FastAPI를 사용하면서 특정 패턴의 요청에서만 오류가 발생하는 경우, 다양한 원인이 있을 수 있습니다. 다음은 몇 가지 가능성에 대해 설명합니다:

1. 리소스 한계: 서버 또는 사용 중인 데이터베이스의 연결 수나 기타 리소스 한계에 도달할 수 있습니다. 한 순간에 100회 요청을 보낼 때, 각 요청이 빠르게 처리되어서 리소스가 빠르게 해제되면 문제가 없을 수 있습니다. 그러나 100회의 요청을 20초 동안 지속적으로 보낼 경우, 그 사이에 리소스가 해제되지 않아 문제가 발생할 수 있습니다.

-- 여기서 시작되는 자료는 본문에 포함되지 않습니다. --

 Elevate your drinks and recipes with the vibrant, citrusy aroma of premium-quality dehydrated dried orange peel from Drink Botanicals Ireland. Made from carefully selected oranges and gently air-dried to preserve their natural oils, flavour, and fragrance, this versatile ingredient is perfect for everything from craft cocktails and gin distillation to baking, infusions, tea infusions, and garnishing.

2. 레이트 리밋팅: 일부 시스템은 짧은 시간 동안 너무 많은 요청을 처리하는 것을 방지하기 위해 레이트 리밋팅(rate limiting)을 사용합니다. 그렇기 때문에 20초 동안 꾸준히 요청을 보내면 제한에 걸릴 수 있습니다.

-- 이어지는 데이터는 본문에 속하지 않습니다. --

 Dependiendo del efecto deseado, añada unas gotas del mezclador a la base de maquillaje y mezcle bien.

3. 메모리 문제: 요청이 누적되면서 서버의 메모리 사용량이 늘어날 수 있습니다. 만약 메모리가 부족하다면, 요청 처리 중에 에러가 발생할 수 있습니다.

4. 중복 요청 처리: 20초 동안 지속적으로 요청을 보낼 때, 이전 요청의 결과나 상태가 다음 요청의 처리에 영향을 줄 수 있습니다. 중복되는 요청이나 상태 변경이 원인이 될 수 있습니다.

5. 로깅 또는 모니터링 도구: 요청을 처리하는 동안 로그를 남기거나 모니터링 도구를 사용하는 경우, 요청 빈도가 높아지면 추가적인 부하가 발생할 수 있습니다.

+ 해결 방법

  + 로깅: 발생하는 오류의 로그를 확인하여 구체적인 원인을 파악합니다.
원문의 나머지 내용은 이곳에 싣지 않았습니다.